Using paired isogenic PDX-derived metastatic TNBC cells, loss of p53 promoted tumor growth and consequently increased tumor cell shedding into the blood, thus enhancing metastasis. Loss of BTG2 expression in p53-deficient tumors contributed to this metastatic potential by enhancing tumor growth in primary and metastatic sites. Furthermore, clinical data support conclusions generated from PDX models and indicate that BTG2 expression is a candidate prognostic biomarker for TNBC.

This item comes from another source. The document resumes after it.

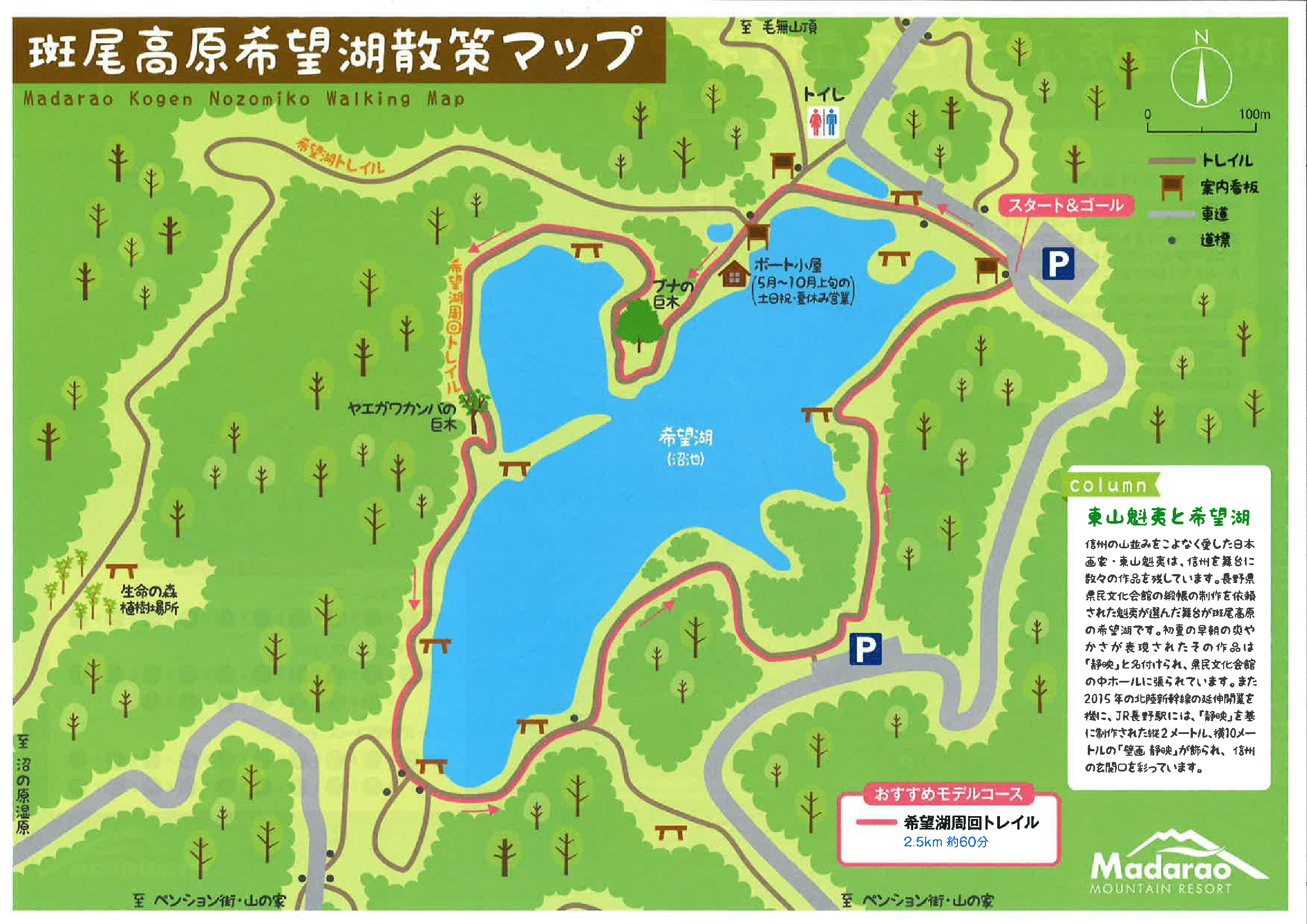 湖を一周する2.5km、約1時間のコースは、湖を眺めながらの散策を楽しめます。シラカバやミズナラの林に囲まれた湖畔には珍しいヤエガワカンバの大木も。

尽管癌症患者的早期诊断和治疗取得了进展,但转移仍然是主要的死亡原因。TP53是人类癌症中最常发生突变的基因之一,这些改变可发生在肿瘤发生的早期阶段,或随着肿瘤发展为更具侵袭性的形式而在后期发生。先前的研究表明,p53在控制转移的细胞途径中发挥作用。为了研究p53缺失如何促进晚期肿瘤生长和转移,我们建立了仅在p53状态上存在差异的三阴性乳腺癌(TNBC)配对同基因患者来源异种移植(PDX)模型,用于纵向分析。
将仅在p53状态上存在差异的患者来源同基因人类肿瘤细胞系植入小鼠乳腺。通过生物发光成像监测肿瘤生长和转移,并通过流式细胞术对循环肿瘤细胞(CTC)进行定量。对p53缺陷型和p53野生型肿瘤进行RNA测序,并在体内对一个主要候选基因进行功能验证。
同基因p53野生型和p53缺陷型肿瘤从乳腺转移并定植到远处部位的频率相似。然而,p53缺陷型肿瘤比p53野生型肿瘤转移更早,并且由于增殖增加和凋亡减少,在原发部位和转移部位生长更快。此外,在植入p53缺陷型肿瘤的小鼠血液中检测到更多的CTC。然而,按肿瘤质量进行标准化后,从携带亲本肿瘤和p53缺陷型肿瘤的小鼠中分离出的CTC数量没有显著差异。基因表达谱分析及随后的功能验证确定p53的下游效应因子B细胞易位基因2(BTG2)为原发部位和转移部位肿瘤生长的负调节因子。BTG2表达状态与TNBC患者的生存率相关。
使用配对的同基因PDX来源的转移性TNBC细胞,p53缺失促进肿瘤生长,从而增加肿瘤细胞进入血液的脱落,进而增强转移。p53缺陷型肿瘤中BTG2表达缺失通过增强原发部位和转移部位的肿瘤生长而促成这种转移潜能。此外,临床数据支持从PDX模型得出的结论,并表明BTG2表达是TNBC的一个候选预后生物标志物。